### Exercise goal
The records follow. Transcribe only the lines from the line containing "Students engaged in" through the end, both ends included, and leave out the pictures.

Collection entries

---*---

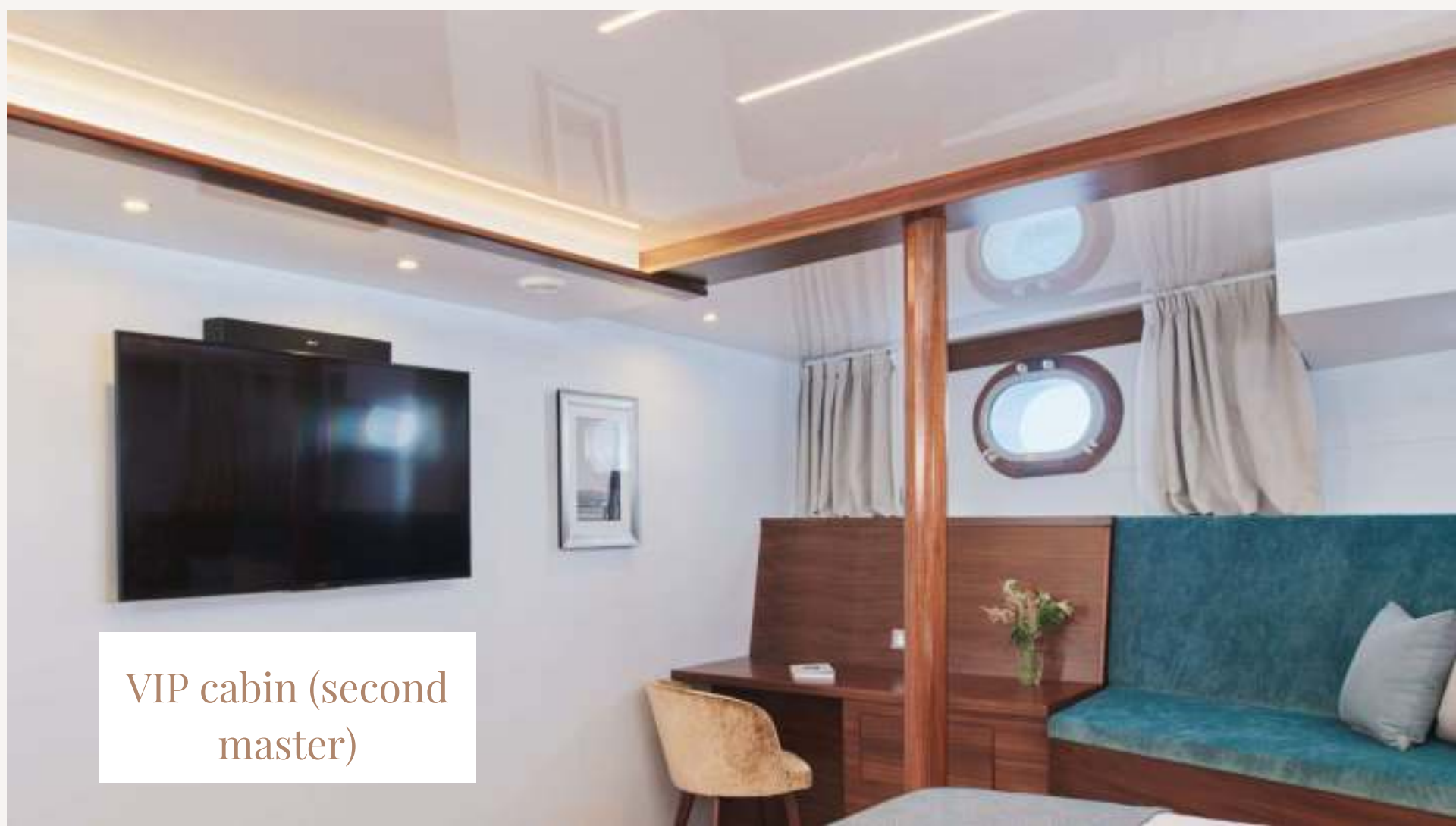
VIP cabin (second master)
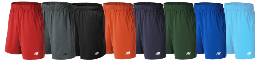
TRE Team Red DH* Dark Heather TBK* Team Black TMO Team Orange TNV* Team Navy TDG Team Dark Green TRY Team Royal CB Columbia Blue
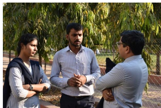
Interaction with research students
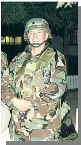
Figure 9. US Civil Affairs Officer with “TalkAbout”

There were new creative uses of commercial products that emerged in Kosovo. In the US sector, the Motorola “TalkAbout” recreational Two-Way radio was used extensively for dismounted, convoy, and base area communications purposes. It became a de facto status symbol and nearly everyone had one clipped to his or her flack vest (see figure 9). There were also other types of commercially available hand held radios that were used by the NGOs, UNMIK, and KFOR personnel. Use of these unprotected radios introduced military OPSEC risks that needed to be carefully managed.
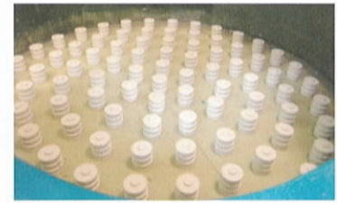
Nozzle Distribution System
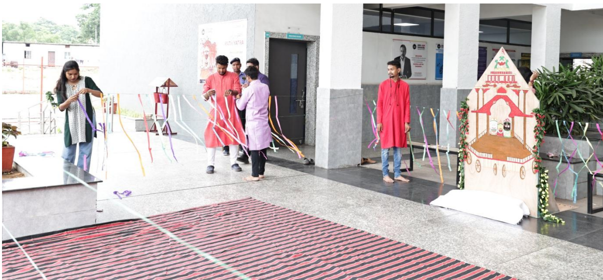
Students engaged in decoration of the puja pandal
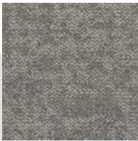
#03 Light Snowstorm
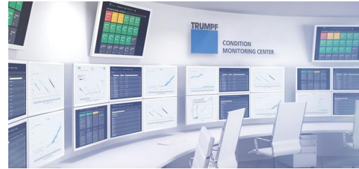
Algorithms and real TRUMPF experts then set to work transforming the data into trend analyses.
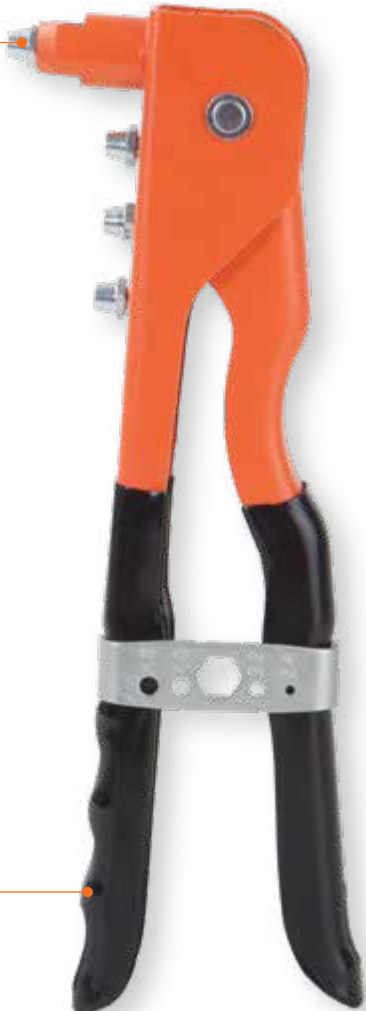
Longer handle with ergonomic PVC dip coated sleeve

---*---

### Output for this task
Students engaged in decoration of the puja pandal
#03 Light Snowstorm
Algorithms and real TRUMPF experts then set to work transforming the data into trend analyses.
Longer handle with ergonomic PVC dip coated sleeve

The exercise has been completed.